45. plum blossom curve

Column coordinates

θ= t * 360

r= 10+(3*sin(theta*2.5))^2

46. Another flower curve

θ= t * 360

r= 10-(3*sin(theta*3))^2

z=4*sin(theta*3)^2

47. Change to a flower curve with a stronger sense of space; )

θ= t * 360

r= 10-(3*sin(theta*3))^2

z=(r*sin(theta*3))^2

48. Spiral rising elliptic line

a = 10

b = 20

θ= t * 360 * 3

x = a * cos(θ)

y = b * sin(θ)

z=t* 12

49. Even this spiral flower curve.

θ= t * 360 * 4

r= 10+(3*sin(theta*2.5))^2

z = t* 16

50 drum line

Cartesian equation

r=5+3.3*sin(t* 180)+t

θ= t * 360 * 10

z=t* 10

5 1 long life locking curve:

Cartesian equation

a= 1*t*359.5

b=q2*t*360

c=q3*t*360

rr 1=w 1

rr2=w2

rr3=w3

x = RR 1 * cos(a)+rr2 * cos(b)+rr3 * cos(c)

y = RR 1 * sin(a)+rr2 * sin(b)+rr3 * sin(c)

52 hairpins

spherical coordinates

Equation:

ρ= 200 * t

θ= 900 * t

phi=t*90* 10

53. Spiral rising curve

r=t^ 10

theta=t^3*360*6*3+t^3*360*3*3

z=t^3*(t+ 1)

54. Mushroom curve

rho=t^3+t*(t+ 1)

θ= t * 360

phi=t^2*360*20*20

55.8 word curve

a= 1

b= 1

x=3*b*cos(t*360)+a*cos(3*t*360)

Y=b*sin(t*360)+a*sin(3*t*360)

56. Plum blossom curve

θ= t * 360

r= 100+50*cos(5*theta)

z=2*cos(5*theta)

57. Peach Curve

rho=t^3+t*(t+ 1)

θ= t * 360

phi=t^2*360* 10* 10

58. Name: Disc Spring

Establishing environment: pro/e

Cylindrical seat

r = 5

θ= t * 3600

z =(sin(3.5 *θ-90))+24

59. Circular conic curve

Cartesian equation:

x=50*cos(t*360)

y=50*sin(t*360)

z= 10*cos(t*360*8)

60 butterfly line

Spherical coordinates:

rho=4*sin(t*360)+6*cos(t*360^2)

θ= t * 360

phi=log( 1+t*360)*t*360

6 1. sine coil spring

Descartes:

ang 1=t*360

ang2=t*360*20

x=ang 1*2*pi/360

y=sin(ang 1)*5+cos(ang2)

z=sin(ang2)

62. Annular spiral

x =(50+ 10 * sin(t * 360 * 15))* cos(t * 360)
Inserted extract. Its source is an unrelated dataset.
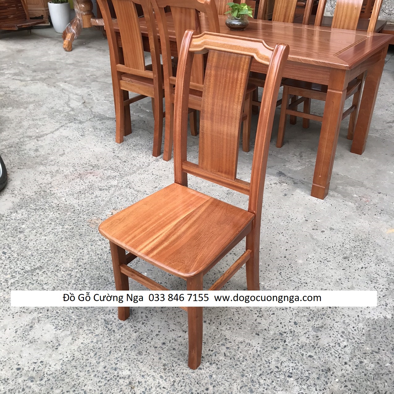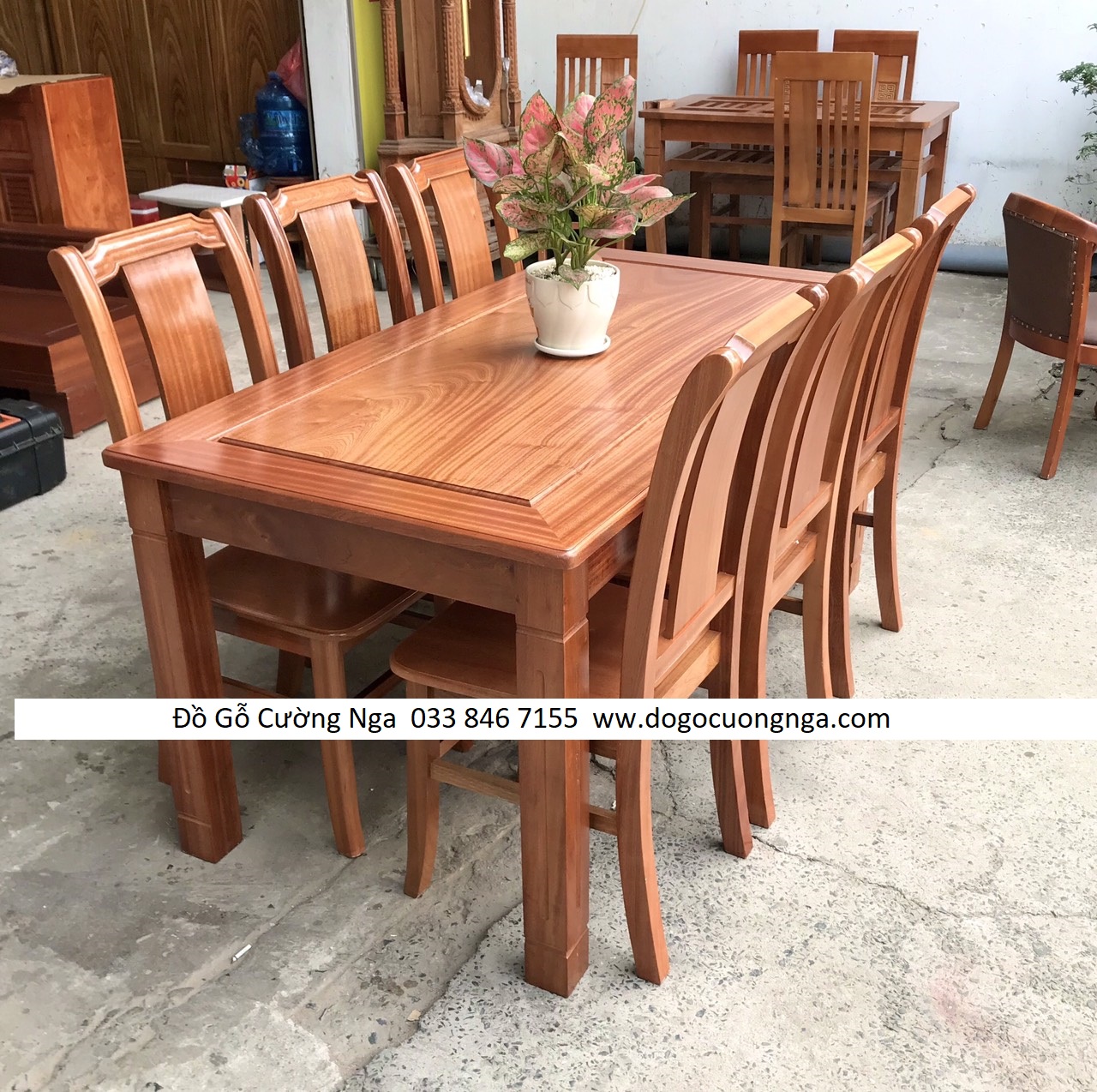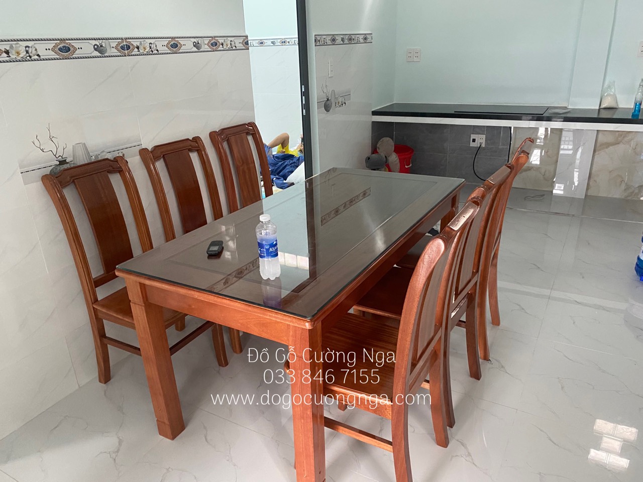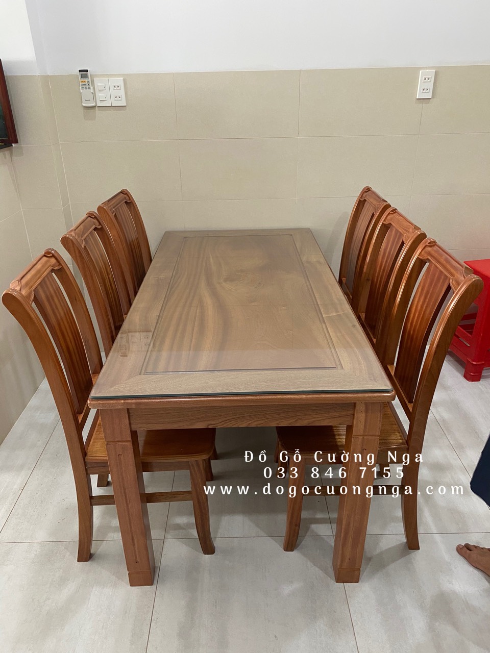 Bàn ăn gỗ xoan đào 6 ghế - mặt liền 6 ghế

y =(50+ 10 * sin(t * 360 * 15))* sin(t * 360)

z= 10*cos(t*360*5)

63. Internal spring

x = 2 * cos(t * 360 * 10)+cos(t * 180 * 10)

y = 2 * sin(t * 360 * 10)+sin(t * 180 * 10)

z=t*6

64. Variable internal spring

x = 3 * cos(t * 360 * 8)- 1.5 * cos(t * 480 * 8)

y = 3 * sin(t * 360 * 8)- 1.5 * sin(t * 480 * 8)

z=t*8

65. Cylindrical sine wave line

Column coordinates:

equation

r=30

θ= t * 360

z = 5 * sin(5 *θ-90)

66. UFO (vortex line)

Spherical coordinates:

rho=t*20^2

θ= t * log(30)* 60

phi=t*7200

67. Handle curve

thta0=t*360

thta 1=t*360*6

r0=400

r 1=40

r=r0+r 1*cos(thta 1)

x=r*cos(thta0)

y=r 1*sin(thta 1)

z=0

basket

circular cylindrical coordinates

r=5+0.3*sin(t* 180)+t

θ= t * 360 * 30

z=t*5

69. Involute equation of cylindrical gear tooth profile;

afa=60*t

x = 10 * cos(AFA)+pi * 10 * AFA/ 180 * sin(AFA)

x = 10 * sin(AFA)-pi * 10 * AFA/ 180 * cos(AFA)

z=0

Note: afa is the pressure angle, ranging from 0 to 60, and 10 is the base circle radius.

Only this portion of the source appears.